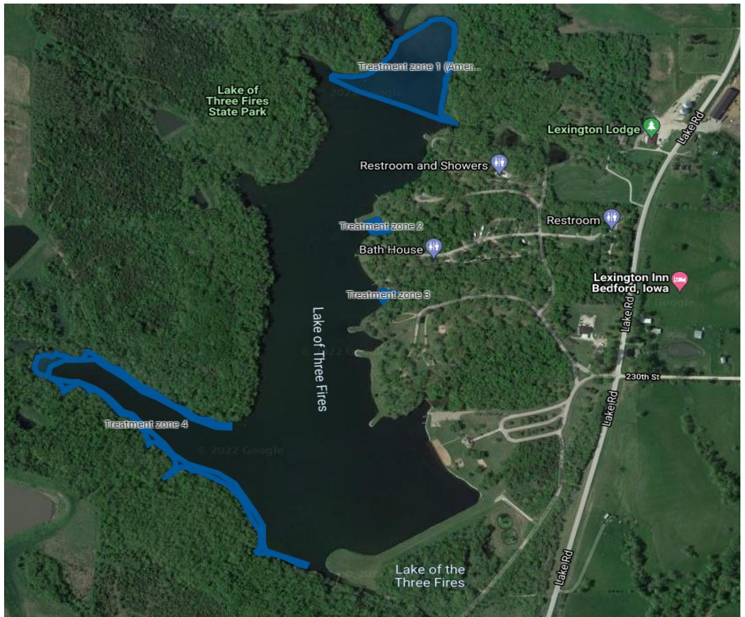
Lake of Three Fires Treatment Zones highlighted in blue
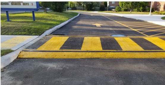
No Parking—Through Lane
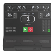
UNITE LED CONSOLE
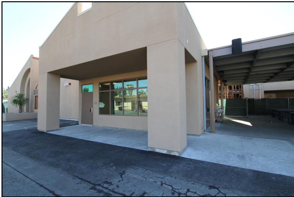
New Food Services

--

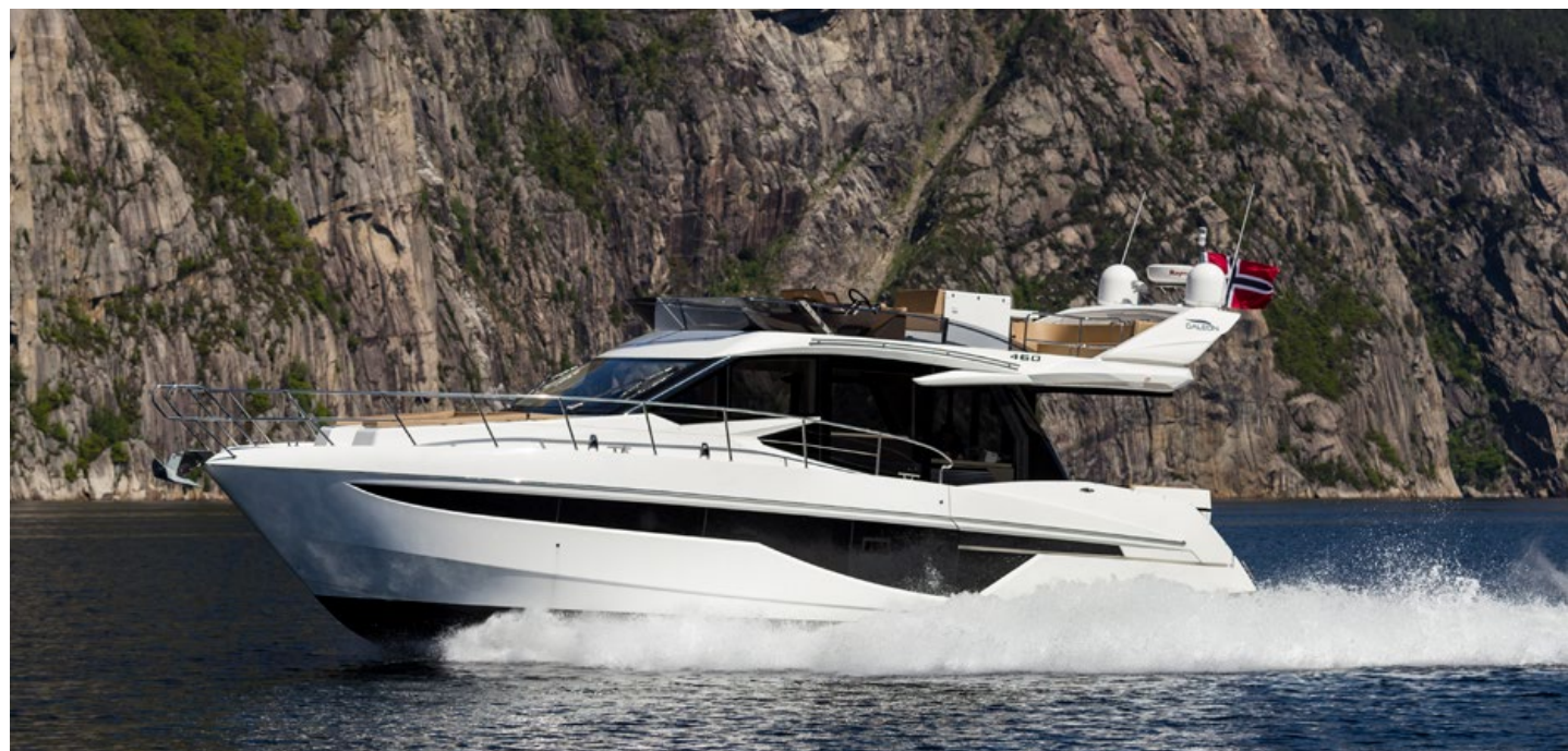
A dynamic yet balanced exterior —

PROBLEM DESCRIPTION:
Would you print exactly the lines in the listing above, from the line bearing "Lake of Three" through the line bearing "New Food Services", leaving out all pictures?

TASK ANSWER:
Lake of Three Fires Treatment Zones highlighted in blue
No Parking—Through Lane
UNITE LED CONSOLE
New Food Services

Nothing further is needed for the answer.